In de afgelopen veertig jaar hebben vele handen de tuin gemaakt tot wat hij nu is. Ieder op zijn/haar eigen wijze, ieder met een eigen karakter. Al deze mensen verdienen lof. Er ligt een volkstuincomplex waar we met z’n allen trots op mogen zijn. Een uniek volkstuincomplex, dat zich onderscheidt van veel andere volkstuinen. We liggen in een landschapspark waardoor er geen huisjes op de tuin mogen staan; er moeten zichtlijnen blijven. Bij ons op de tuin wordt dan ook niet ‘geleefd’ in een soort tweede huis. Omdat wij ook geen elektriciteit en gas hebben, leven we in verhouding vrij ‘sober’. Iets wat ikzelf wel kan waarderen.
Het is mooi om te zien wat ons bindt. Het is de grond, de aarde. We willen er in wroeten. We willen er ons hoofd leegmaken, weg zijn van de dagelijkse beslommeringen, we willen andere mensen ontmoeten, of juist helemaal niet. We drijven mee op de seizoenen. In de lente hebben we steeds grote plannen met onze tuin. Gaandeweg worden die plannen doorkruist door het weer, door ongewenste planten, door slakken, woelmuizen en andere aardbewoners. Maar we oogsten ook. Dat alles maakt ons trots en tegelijk nederig. Het blijkt dat we niet alles naar onze hand kunnen zetten. In de winter ademt de tuin rust. Ieder trekt zich terug en bereidt zich in stilte voor op het nieuwe seizoen.
Wat de vereniging voor mij zo mooi maakt is de grote betrokkenheid van eenieder. Ieder pakt zijn verantwoordelijkheid. Of zorgt voor de tuin van de ander. Op tuinwerkdagen valt er vaak van een bruisende energie te genieten. En natuurlijk, niet alles gaat altijd van een leien dakje. Een bepaalde wijze van tuinieren kan wrevel opwekken bij de ander. Belangen kunnen schuren. Soms botsen persoonlijkheden. Maar door op een respectvolle wijze met elkaar in gesprek te gaan, blijken we steeds tot werkbare oplossingen te kunnen komen. Want iedereen wil uiteindelijk hetzelfde: op een prettige wijze op de tuin vertoeven en in zijn of haar eigen tuin werken. Dat betekent geven en nemen. Dit maakt dat ikzelf de sfeer op de tuin als heel prettig ervaar.

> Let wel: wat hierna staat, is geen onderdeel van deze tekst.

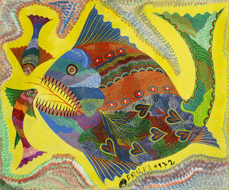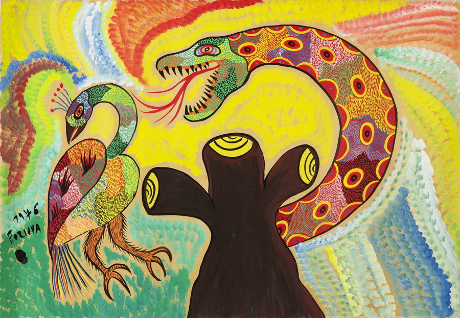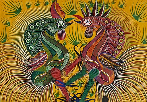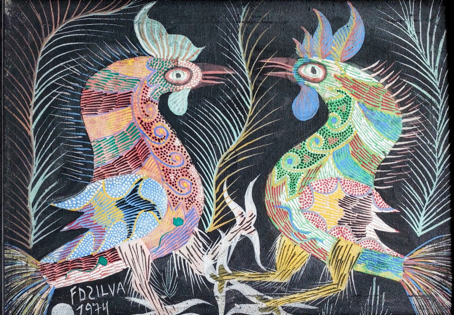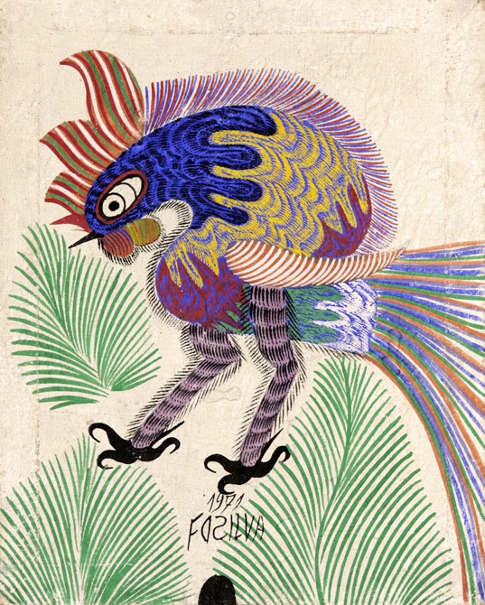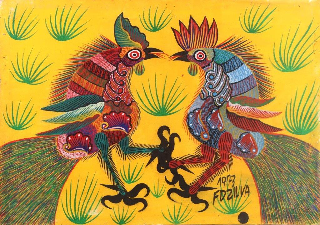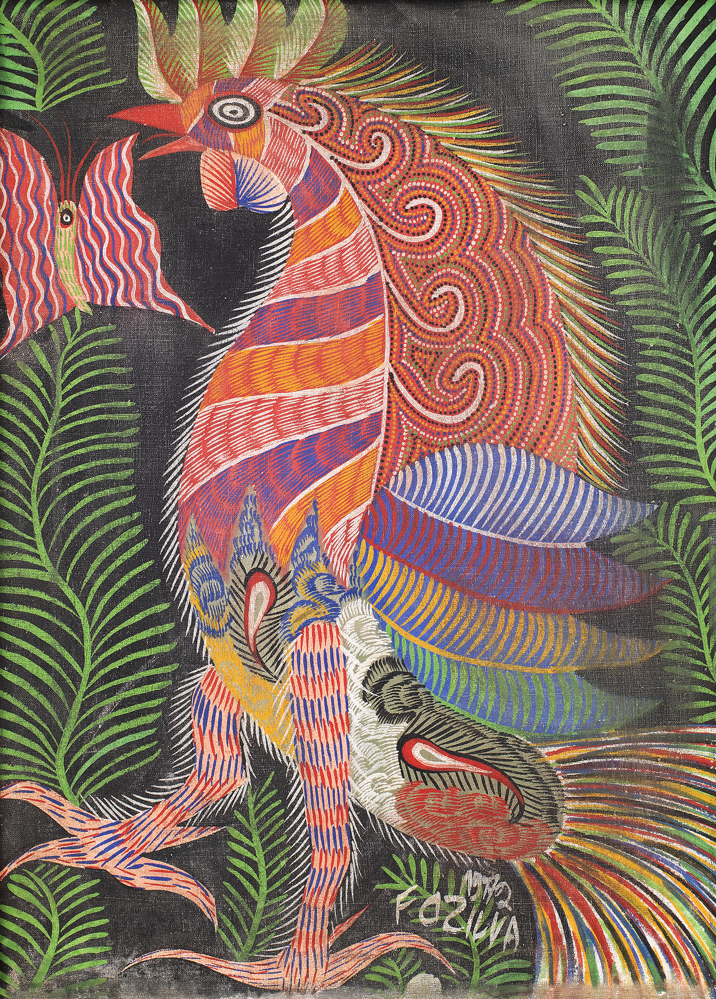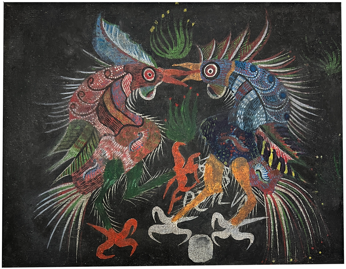 Chico da Silva - Galo - Têmpera sobre tela - 70x50 cm - A.c.i.d. 1973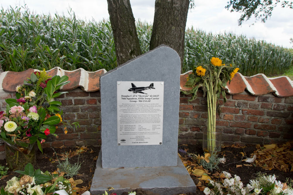 The memorial remembers the crew of the C-47 (42-24127) of the 76th Squadron, 425th Troop Carrier Group that was shot down here during "Operation Market" Garden on September 19, 1944.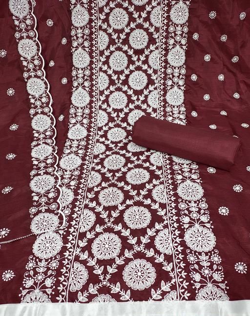 Name: Unstitched Silk Dress Materials for Women and Girls (maroon)
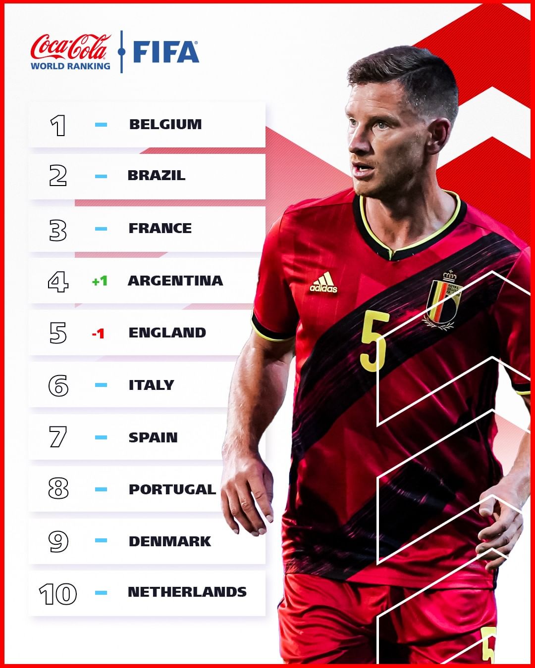 La selección de Bélgica se mantiene como líder de la clasificación por delante de Brasil y Francia, mientras que Argentina le arrebató el cuarto puesto a Inglaterra, la ‘Albiceleste’ subió de puesto gracias a su buen desempeño en los partidos de las eliminatorias sudamericanas. El top 10 lo completan Italia, España, Portugal, Dinamarca y Países Bajos.

De manier waarop we tuinieren is aan verandering onderhevig. Ook in de toekomst zullen we anders omgaan met grond en met mest. En zullen we een andere definitie hebben van een ‘goede’ tuin. Misschien krijgen we minder ‘productietuinen’, gaan we nog meer ecologisch werken en scheppen we tegelijkertijd ruimte voor ontspanning in de tuin. Verscheidenheid zal er altijd blijven, en dat is alleen maar mooi. Hopelijk mogen we in die verscheidenheid nog lang, in alle rust tuinieren!